**Problem statement**.
In your copy of the data, include no pictures and alter nothing else.

+++ Provided data

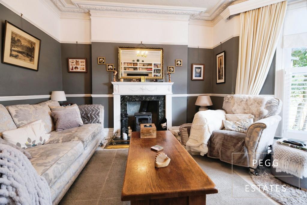 High ceilings and original coving, original door, multi fuel burner with wood surround, double glazed ceiling to floor sash windows roughly two years old, built in cupboards and shelving to sides, radiator to side with cover over, electric points.
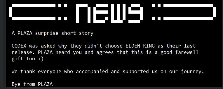 著名PC游戏破解团队CODEX昨天已经与玩家道别、宣布解散,而今天,Codex旗下子团队“PLAZA”也宣布了解散,并且他们在解散前还留给玩家一份“大礼”。
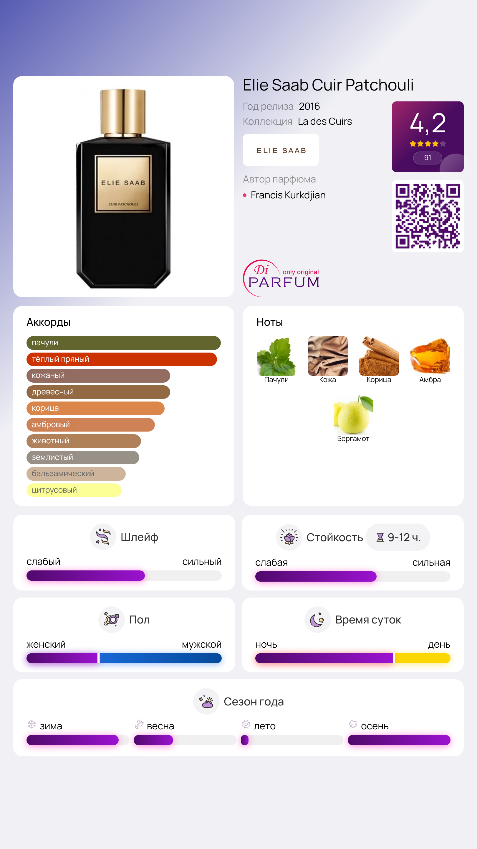 Центральная нота этого аромата подчеркнута пачули с его многообразным и глубоким звучанием. В Cuir Patchouli присутствуют все нюансы этого компонента – от влажных и землистых до теплых шоколадных оттенков. Пачули и кожа окружены гармоничным сочетанием бергамота, корицы и амбры, что создает изысканный и запоминающийся аромат.
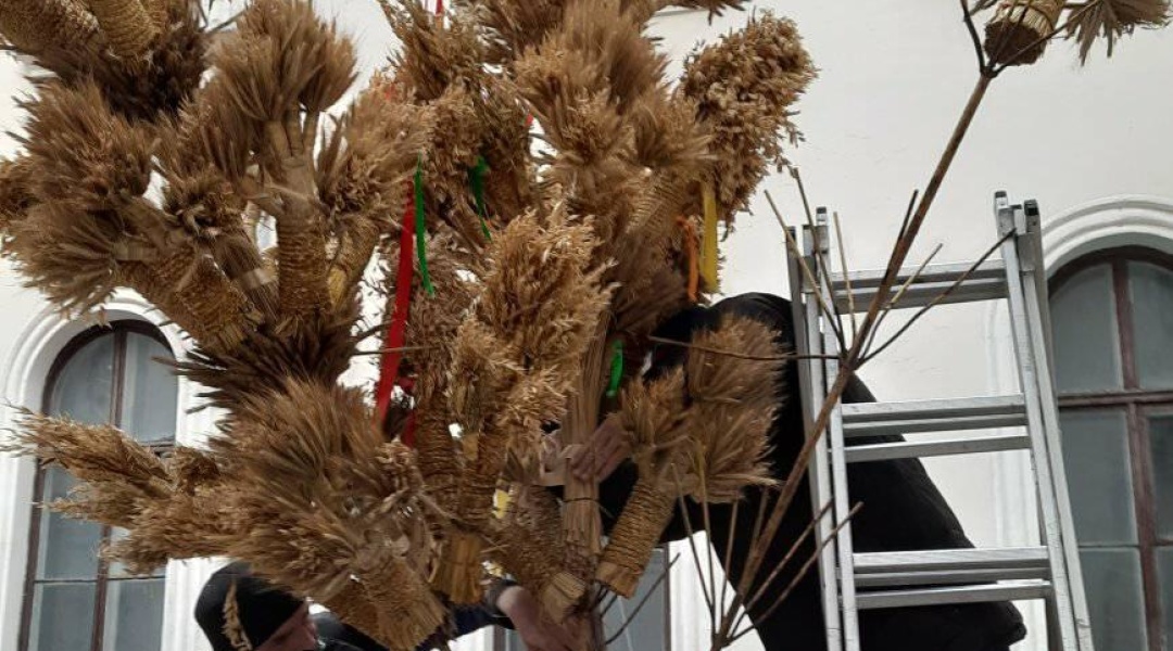 Майстри Музею народної архітектури та побуту ім. К. Шептицького виготовили головний дідух Львова. Цього року його висота сягає 4 метри, тоді як в попередні роки була 3.

++++++

**Completed task**.
 High ceilings and original coving, original door, multi fuel burner with wood surround, double glazed ceiling to floor sash windows roughly two years old, built in cupboards and shelving to sides, radiator to side with cover over, electric points.
 著名PC游戏破解团队CODEX昨天已经与玩家道别、宣布解散,而今天,Codex旗下子团队“PLAZA”也宣布了解散,并且他们在解散前还留给玩家一份“大礼”。
 Центральная нота этого аромата подчеркнута пачули с его многообразным и глубоким звучанием. В Cuir Patchouli присутствуют все нюансы этого компонента – от влажных и землистых до теплых шоколадных оттенков. Пачули и кожа окружены гармоничным сочетанием бергамота, корицы и амбры, что создает изысканный и запоминающийся аромат.
 Майстри Музею народної архітектури та побуту ім. К. Шептицького виготовили головний дідух Львова. Цього року його висота сягає 4 метри, тоді як в попередні роки була 3.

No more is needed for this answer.